§ **Instructions to follow**
Every record should be copied exactly, except that pictures are to be omitted.
:: Data shown
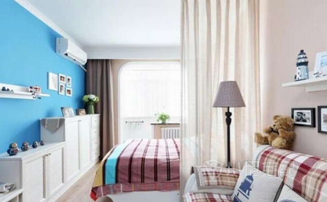 客廳與臥室只用了一扇紗簾來隔開,軟隔斷在保證隱私的前提下,也讓空間具有更好的連通性。粉刷了藍色墻漆的墻面顯得活潑溫雅,一排連續(xù)的儲物柜讓收納有了足夠的空間。
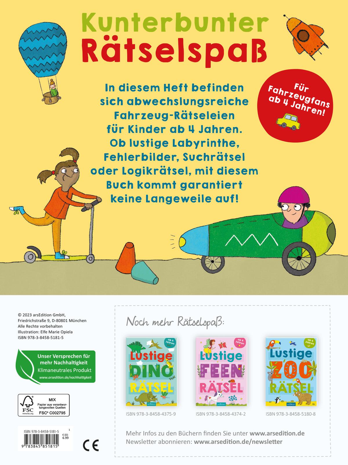 In diesem Heft befinden sich abwechslungsreiche Fahrzeug-Rätseleien für Kinder ab 4 Jahren. Ob spannende Labyrinthe, Fehlerbilder, Suchrätsel oder Logikrätsel, mit diesem Buch kommt garantiert keine Langeweile auf!
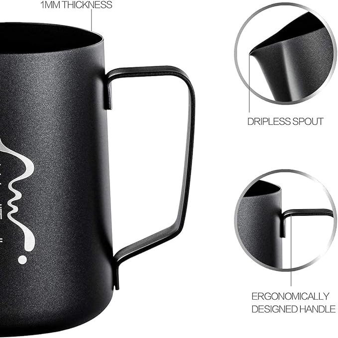 • EASY POURING - The simple design and dripless spout means no mess and perfect latte art.Easy to grip and pour,you won't feel soured hands when doing much latte job.With heat-resistant handle, the frothing pitcher is very safe and comfortable for every use,worry-free!
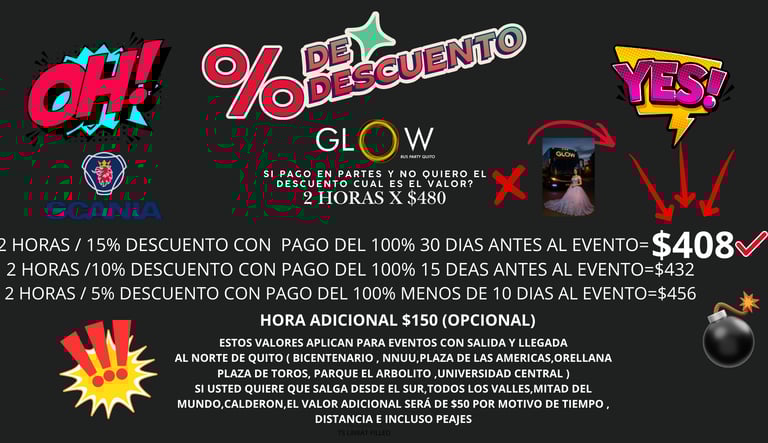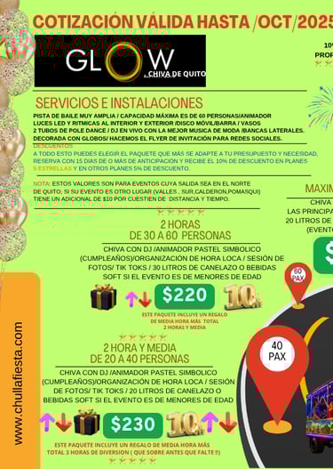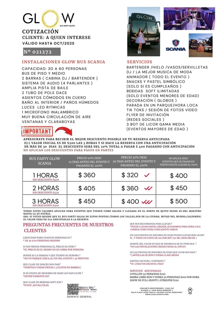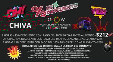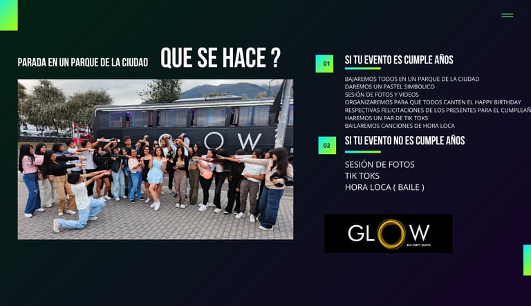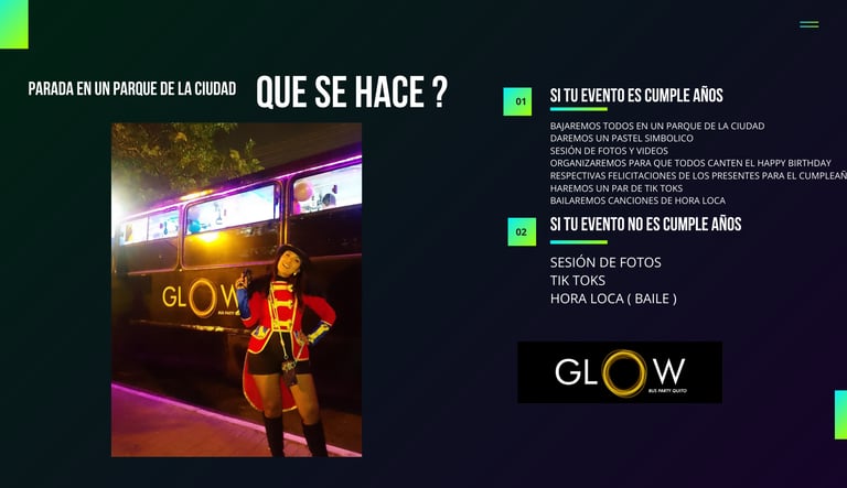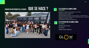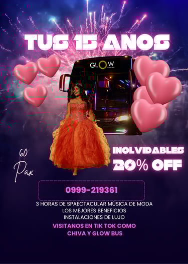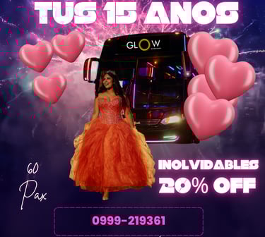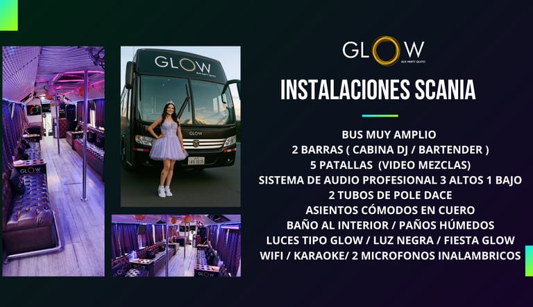 sin lugar a dudas, una experiencia inolvidable. Desde el momento en que ingresaron al BUS Glow , se siente la energía y emoción en el aire. La música contagiosa y mientras el grupo de chicos bailaba y cantaba al unísono, creando un ambiente de alegría y camaradería. Sin duda, la fiesta de 15 años de mi hija fue todo diversión y celebración, les quedo agradecida ya que esta fiesta permanecerá en la memoria de todos los asistentes. ¡Una experiencia para los chicos inolvidable !! RECOMENDADO !!
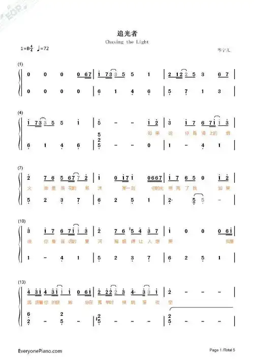 aniface夜萤火虫和你钢琴谱
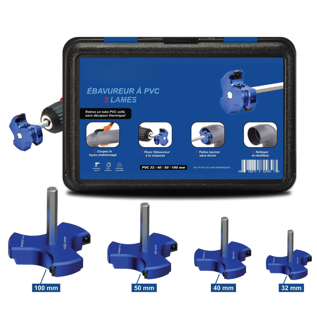Dank seiner 3 Klingen aus gehärtetem Stahl ist jeder Schnitt sauber und gleichmäßig. Der Entgrater verhindert Risse und Unregelmäßigkeiten und verlängert die Lebensdauer Ihrer Fittings.
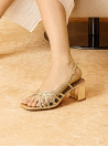 Sandalia de taco bloque para mujer en color oro, con punta cuadrada y altura de 5 cm. Su capellada de material sintético y forro PU aportan un look pulcro con acabado dorado que destaca en diferentes ocasiones. El taco ancho favorece la estabilidad y el diseño minimalista la convierte en una opción versátil para elevar tus tenidas de día o de noche.
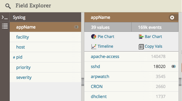 $ awk '/sshd.*invalid user/ { print $9 }' /var/log/auth.log guest admin info test ubnt - 用日志管理系统自动解析日志,然后在需要的应用名称上点击过滤。下面是在 Loggly 日志管理服务中提取 syslog 域的截图。我们对应用名称 “sshd” 进行过滤,如维恩图图标所示。
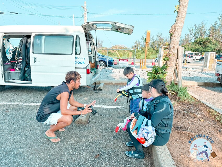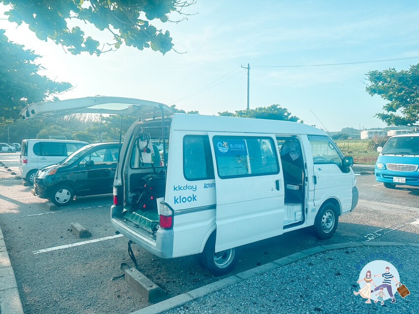 我們這次的藍洞浮潛行程於真榮田岬停車場集合,找尋沖繩 青之洞窟屋的行動車,
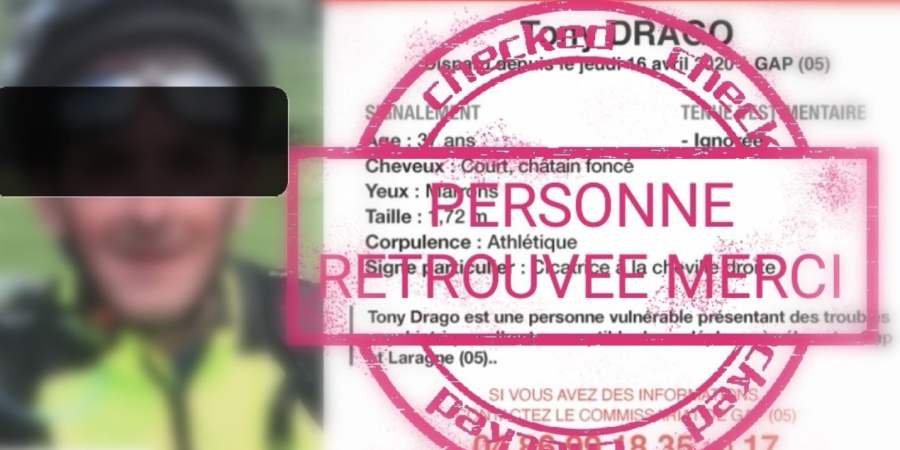 Hautes-Alpes : Tony Drago, disparu depuis le 16 avril à Gap a été retrouvé sain et sauf annonce ce vendredi matin la police nationale, qui avait émis un avis de recherche. Avis qui est désormais clôt. Tony Drago est une personne vulnérable qui présentaient des troubles psychiatriques.
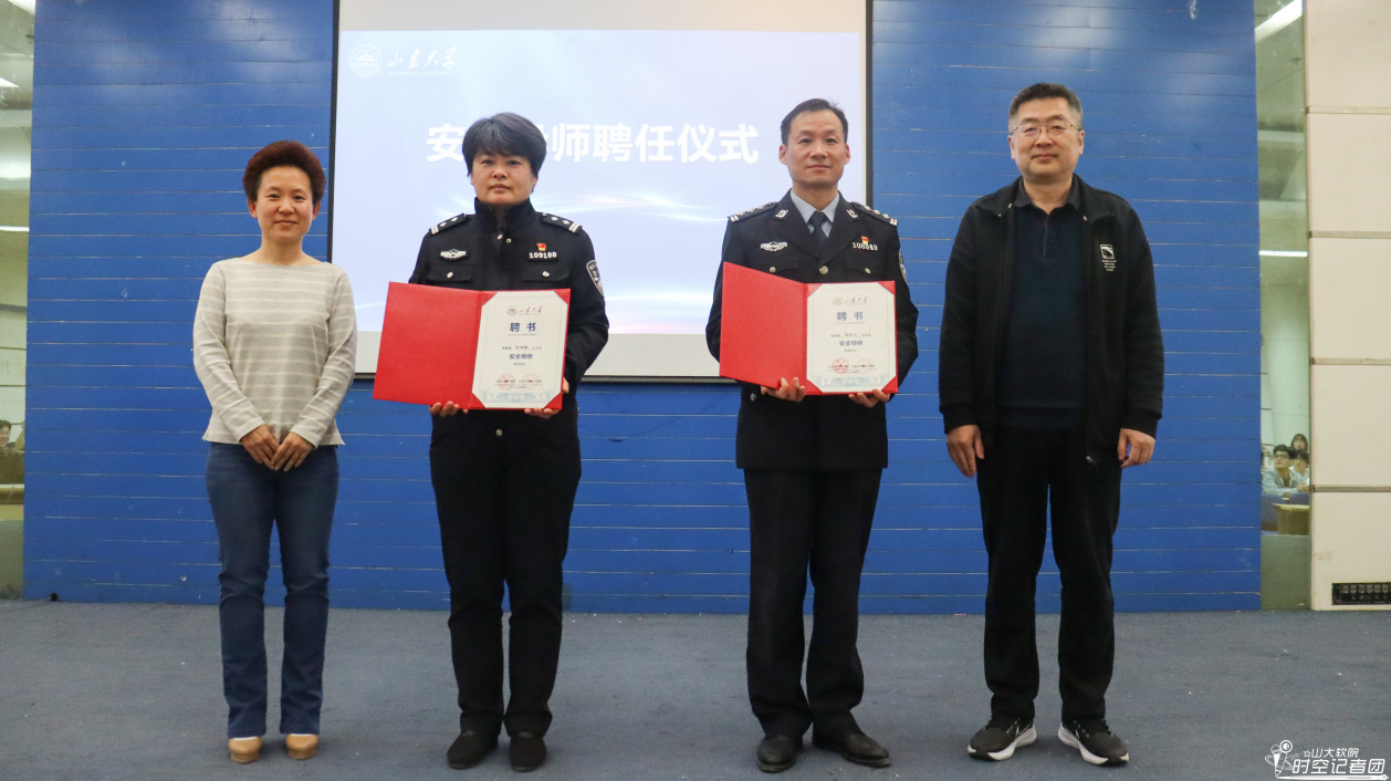 随后进行安全导师聘任仪式,由吕刚、崔剑为两位警官颁发聘书。
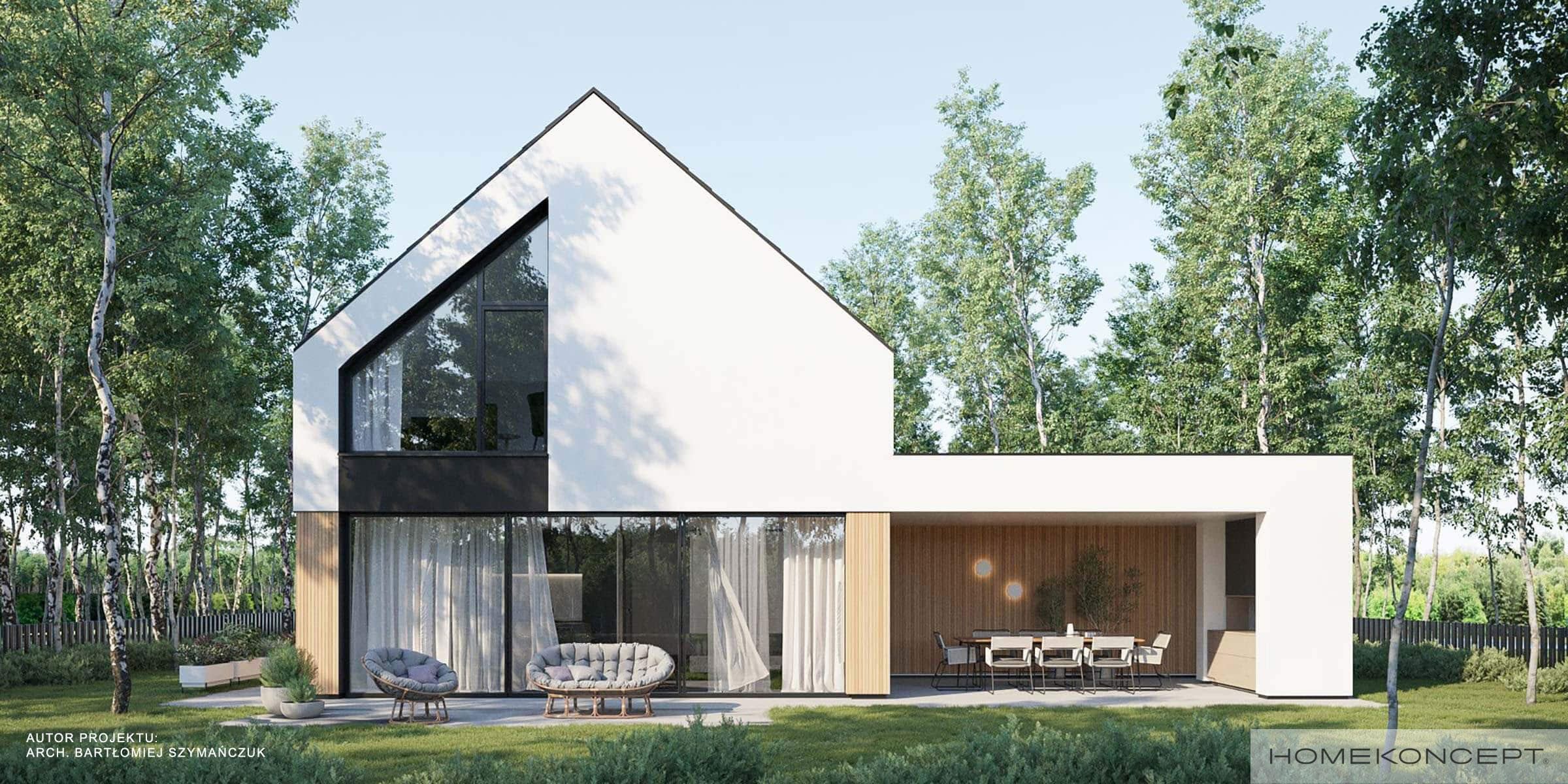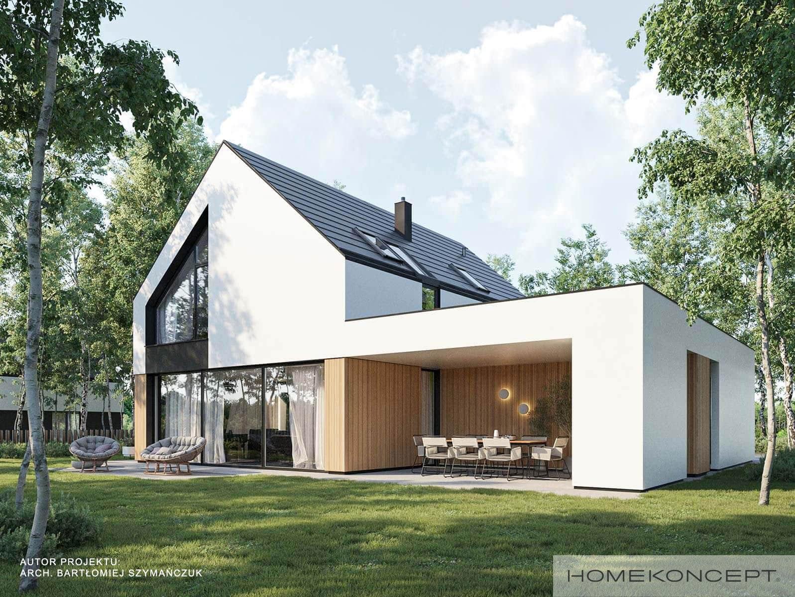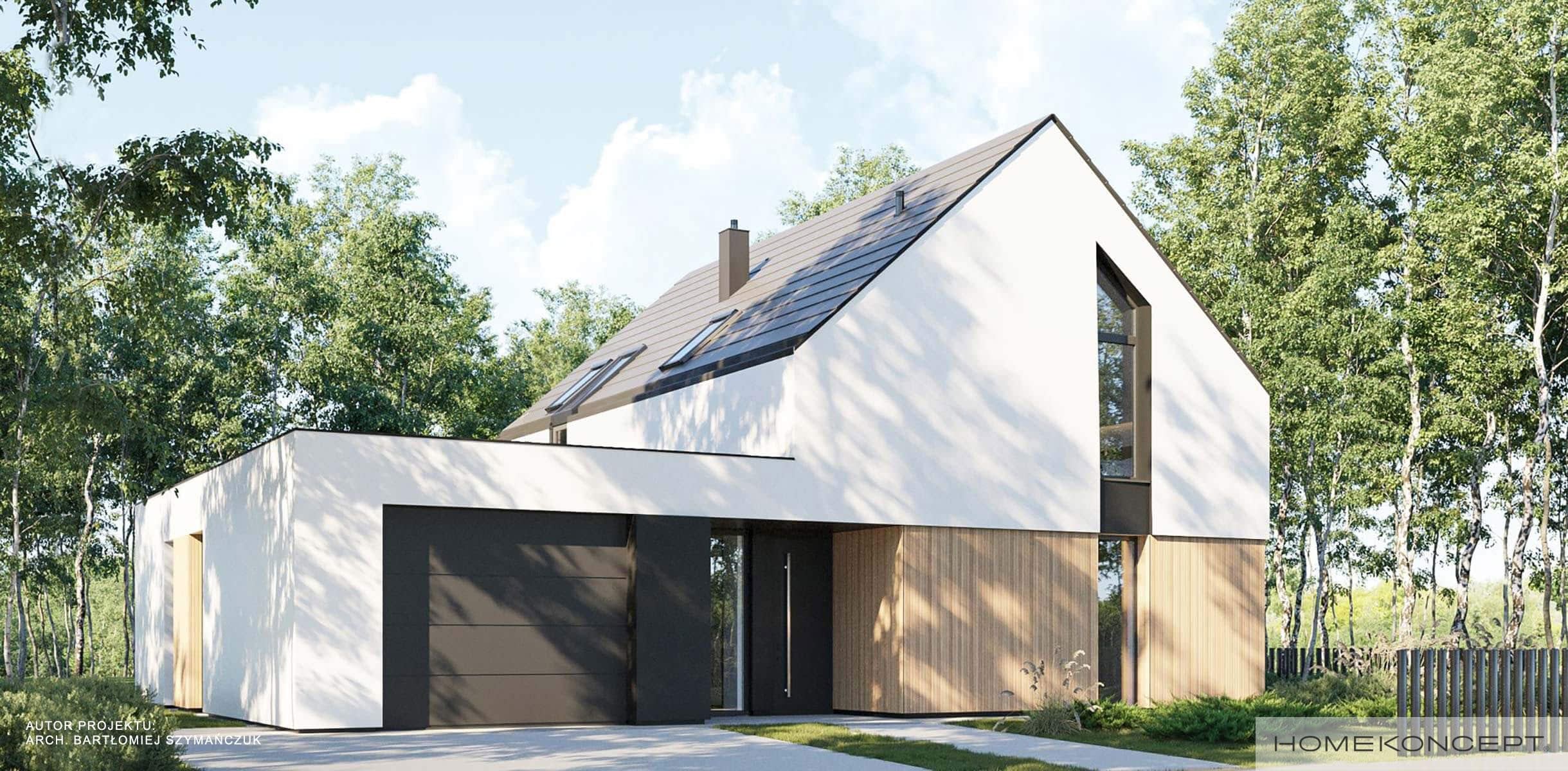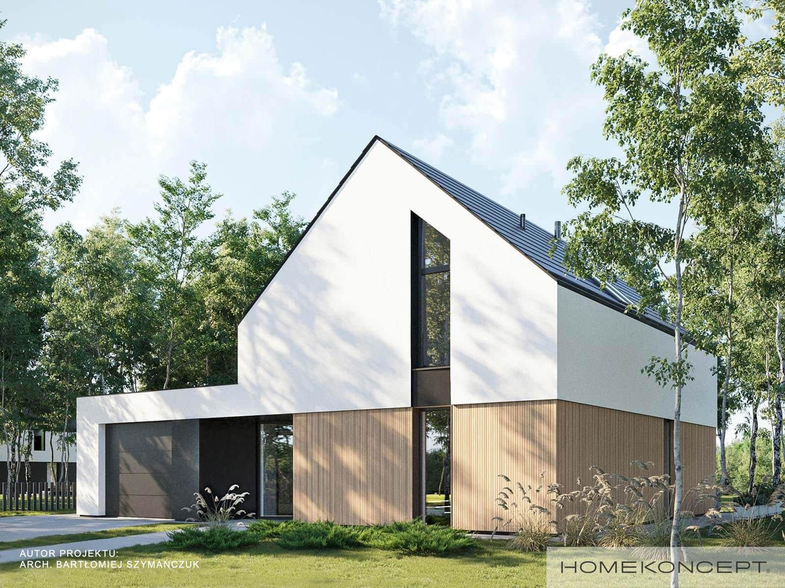 Elewacja: tynk silikonowy w kolorze białym i grafitowym połączony z drewnem elewacyjnym
::::
§ **Solution to the exercise**
 客廳與臥室只用了一扇紗簾來隔開,軟隔斷在保證隱私的前提下,也讓空間具有更好的連通性。粉刷了藍色墻漆的墻面顯得活潑溫雅,一排連續(xù)的儲物柜讓收納有了足夠的空間。
 In diesem Heft befinden sich abwechslungsreiche Fahrzeug-Rätseleien für Kinder ab 4 Jahren. Ob spannende Labyrinthe, Fehlerbilder, Suchrätsel oder Logikrätsel, mit diesem Buch kommt garantiert keine Langeweile auf!
 • EASY POURING - The simple design and dripless spout means no mess and perfect latte art.Easy to grip and pour,you won't feel soured hands when doing much latte job.With heat-resistant handle, the frothing pitcher is very safe and comfortable for every use,worry-free!
 sin lugar a dudas, una experiencia inolvidable. Desde el momento en que ingresaron al BUS Glow , se siente la energía y emoción en el aire. La música contagiosa y mientras el grupo de chicos bailaba y cantaba al unísono, creando un ambiente de alegría y camaradería. Sin duda, la fiesta de 15 años de mi hija fue todo diversión y celebración, les quedo agradecida ya que esta fiesta permanecerá en la memoria de todos los asistentes. ¡Una experiencia para los chicos inolvidable !! RECOMENDADO !!
 aniface夜萤火虫和你钢琴谱
Dank seiner 3 Klingen aus gehärtetem Stahl ist jeder Schnitt sauber und gleichmäßig. Der Entgrater verhindert Risse und Unregelmäßigkeiten und verlängert die Lebensdauer Ihrer Fittings.
 Sandalia de taco bloque para mujer en color oro, con punta cuadrada y altura de 5 cm. Su capellada de material sintético y forro PU aportan un look pulcro con acabado dorado que destaca en diferentes ocasiones. El taco ancho favorece la estabilidad y el diseño minimalista la convierte en una opción versátil para elevar tus tenidas de día o de noche.
 $ awk '/sshd.*invalid user/ { print $9 }' /var/log/auth.log guest admin info test ubnt - 用日志管理系统自动解析日志,然后在需要的应用名称上点击过滤。下面是在 Loggly 日志管理服务中提取 syslog 域的截图。我们对应用名称 “sshd” 进行过滤,如维恩图图标所示。
 我們這次的藍洞浮潛行程於真榮田岬停車場集合,找尋沖繩 青之洞窟屋的行動車,
 Hautes-Alpes : Tony Drago, disparu depuis le 16 avril à Gap a été retrouvé sain et sauf annonce ce vendredi matin la police nationale, qui avait émis un avis de recherche. Avis qui est désormais clôt. Tony Drago est une personne vulnérable qui présentaient des troubles psychiatriques.
 随后进行安全导师聘任仪式,由吕刚、崔剑为两位警官颁发聘书。
 Elewacja: tynk silikonowy w kolorze białym i grafitowym połączony z drewnem elewacyjnym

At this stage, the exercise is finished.